Individually Fair Learning with One-Sided Feedback
Yahav Bechavod, Aaron Roth

TL;DR
This paper introduces an online learning framework that ensures individual fairness using one-sided feedback and multiple auditors, leveraging bandit algorithms to balance accuracy and fairness.
Contribution
It extends existing fairness frameworks to incorporate multiple, possibly inconsistent auditors and reduces the problem to a contextual semi-bandit setting for efficient learning.
Findings
Achieves multi-criteria no regret guarantees for accuracy and fairness.
Mitigates human biases by panel-based fairness violation detection.
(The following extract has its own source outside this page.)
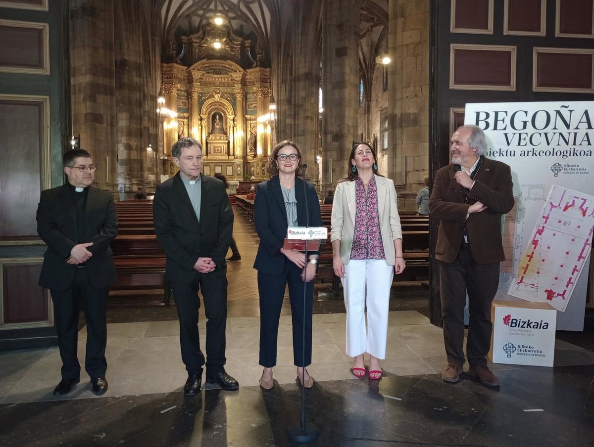 La Diputada General de Bizkaia, Elixabete Etxanobe, el obispo de Bilbao, Joseba Segura, han dado a conocer este jueves el proyecto de excavación arqueológica bajo la basílica de Begoña que busca hallar los restos del que pudiera ser el primer asentamiento poblacional humano y cuna del actual Bilbao.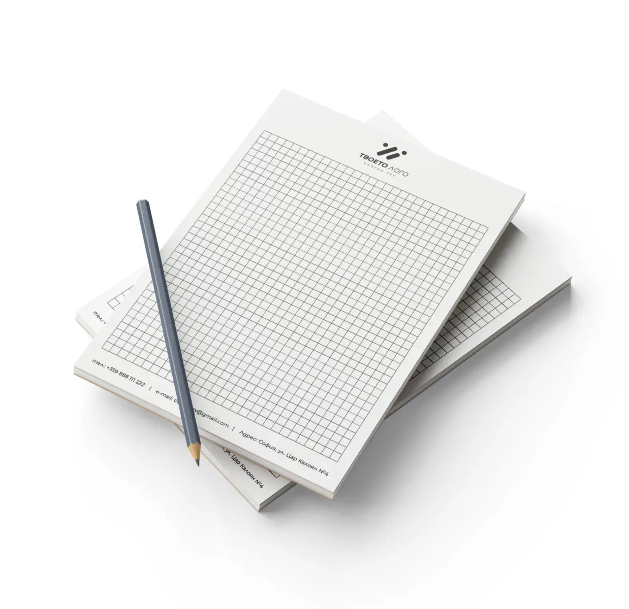 Блокнотите са незаменим помощник в ежедневието – както в офиса, така и у дома. Те са идеални за водене на бележки, записки от срещи, задачи, идеи или като фирмени подаръци с персонален дизайн. Предлагаме изработка на блокноти по индивидуален проект или по готов файл.

Eliminates hidden outcome biases present in prior full-information models.
Abstract
We consider an online learning problem with one-sided feedback, in which the learner is able to observe the true label only for positively predicted instances. On each round, instances arrive and receive classification outcomes according to a randomized policy deployed by the learner, whose goal is to maximize accuracy while deploying individually fair policies. We first extend the framework of Bechavod et al. (2020), which relies on the existence of a human fairness auditor for detecting fairness violations, to instead incorporate feedback from dynamically-selected panels of multiple, possibly inconsistent, auditors. We then construct an efficient reduction from our problem of online learning with one-sided feedback and a panel reporting fairness violations to the contextual combinatorial semi-bandit problem (Cesa-Bianchi & Lugosi, 2009, Gy\"{o}rgy et al., 2007). Finally, we show…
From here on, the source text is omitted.